The AXA Asia Pacific logo sign is seen at its headquarters in Melbourne December 14, 2009. REUTERS/Mick Tsikas
The AXA Asia Pacific logo sign is seen at its headquarters in Melbourne December 14, 2009. REUTERS/Mick Tsikas

By Jessica Toonkel

NEW YORK (Reuters) - U.S. insurer Protective Life Insurance is the leading candidate to buy some of AXA SA's U.S. life insurance assets in a deal that could be valued at around $1 billion, according to two people familiar with the situation.

French insurer AXA hired Morgan Stanley last year to help find a buyer for the assets, including remnants of the Mony Group Inc business that it acquired in 2004, the sources told Reuters this week. They asked not to be named because the matter is not public.

AXA, which bought New York-based life insurer Mony Group for $1.5 billion, has been expanding into emerging markets while scaling back its presence in North America after years of underperformance in the region.

Representatives for AXA and Morgan Stanley declined to comment. Birmingham, Alabama-based Protective Life did not immediately respond to requests for comment.

Protective Life rose more than 3 percent to close at $35.86 on the New York Stock Exchange on Tuesday, valuing the company at around $2.8 billion.

Buying AXA's life insurance assets would help expand Protective's life insurance business, but it would help the company diversify away from its variable annuity business, which is an increasingly difficult business to manage, said Steven Schwartz, an analyst at Raymond James.

"There are two positives here - one is that the company has been weighted heavily toward annuities and variable annuities and this would diversify its business," he said. "And the other positive is the company has been very good at making acquisitions that are very accretive to earnings."

AXA, Europe's second-largest insurer behind Germany's Allianz , like its peers has grappled with the uncertain euro zone investment market as well as low interest rates, which have hurt its asset management and savings products.

In 2011, the insurer announced a strategic plan targeting 1.5 billion euros in cost savings in "mature markets" by 2015, by which time it hoped to lift its adjusted return on equity to 15 percent.

The current sale comes after years of underperformance in AXA's U.S. business, most of it centered in the sale of variable annuities. Although AXA has lately narrowed those losses, the insurer has made it clear that its acquisition priorities lie in emerging markets such as Asia rather than mature ones.

AXA, whose other units include AllianceBernstein Holding, has already taken steps to cut back on its North American presence, selling its Canadian business in 2011 while it has expanded in Asia by acquiring HSBC's general insurance businesses there among other assets.

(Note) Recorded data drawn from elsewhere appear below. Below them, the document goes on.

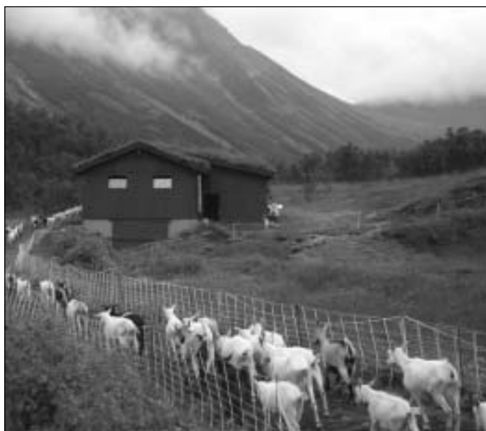
Geitene og kjea på veg inn til mjølking.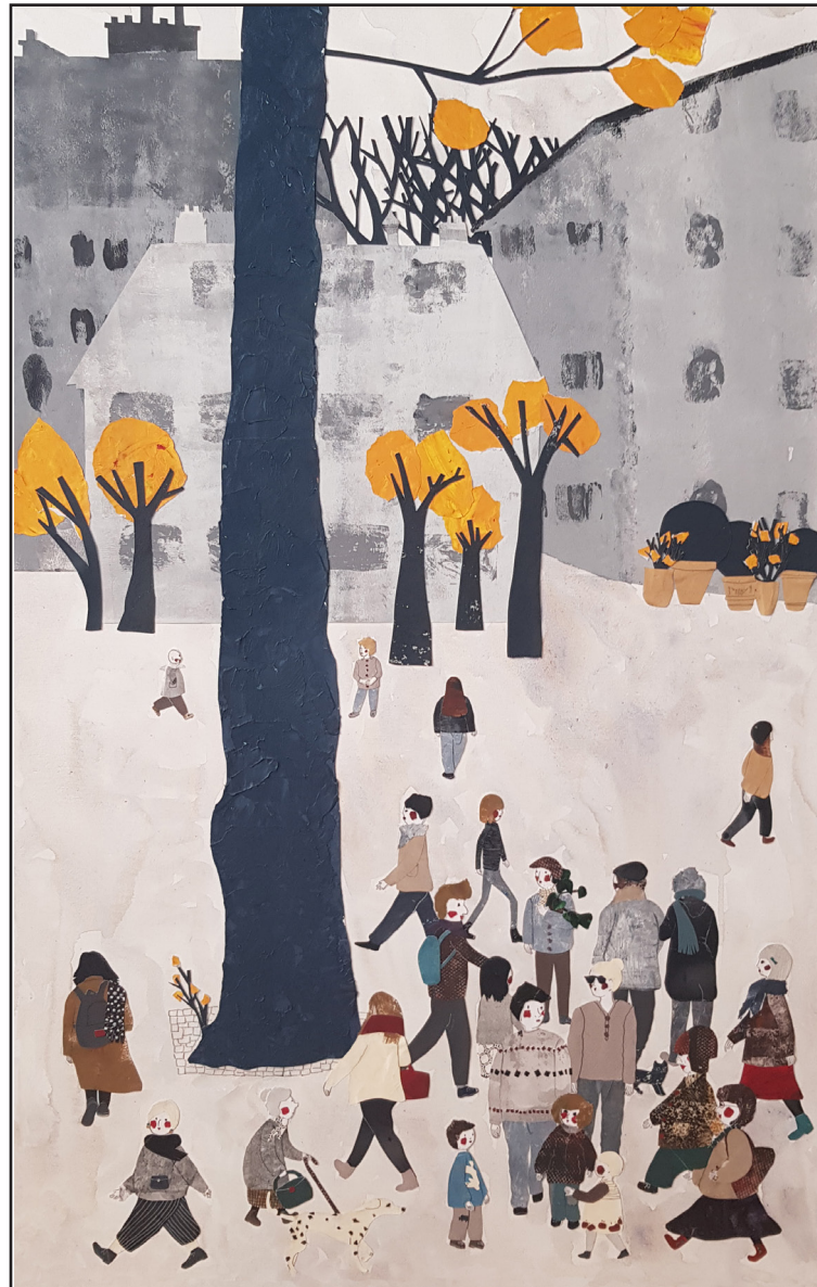
"Quartier", 2023, technique collage et technique mixte sur toile, 100 x 60 cm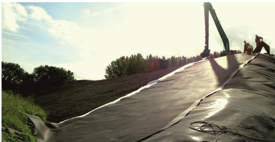
Foto: Overzicht aanleg IBC-werk.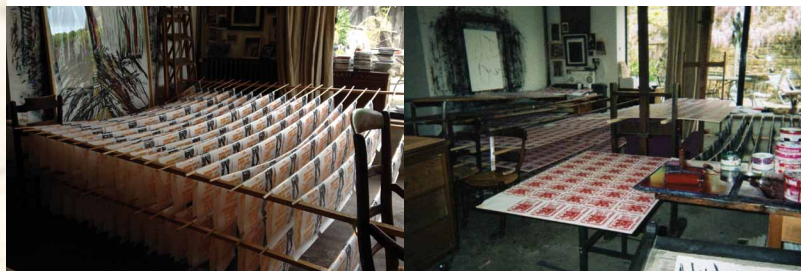
cop. la Goulotte

LES ÉDITIONS DE LA GOULOTTE FÊTENT 20 ANS DE COMPLICITÉS ARTISTIQUES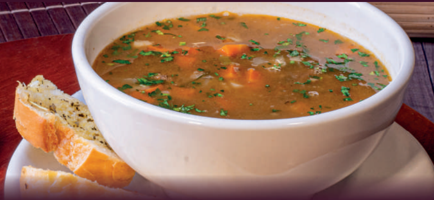
IMAGEM: Sopa do dia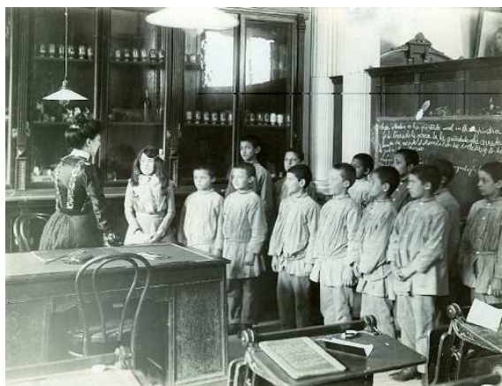
Alumnos del Instituto Nacional de Sordomudos

Protective Life has traditionally been very acquisitive but mostly has focused on relatively smaller deals. However, the insurer's CEO John Johns said at an industry conference in February that the firm was well positioned to make a "major acquisition."

Last month, the firm reported fourth-quarter net income of $66.8 million or 82 cents per share, down from $86 million or $1.02 per share in the year-ago quarter.

Total cash and investments stood at $37.3 billion as of December 31, 2012, which included $600 million in cash and short-term investments.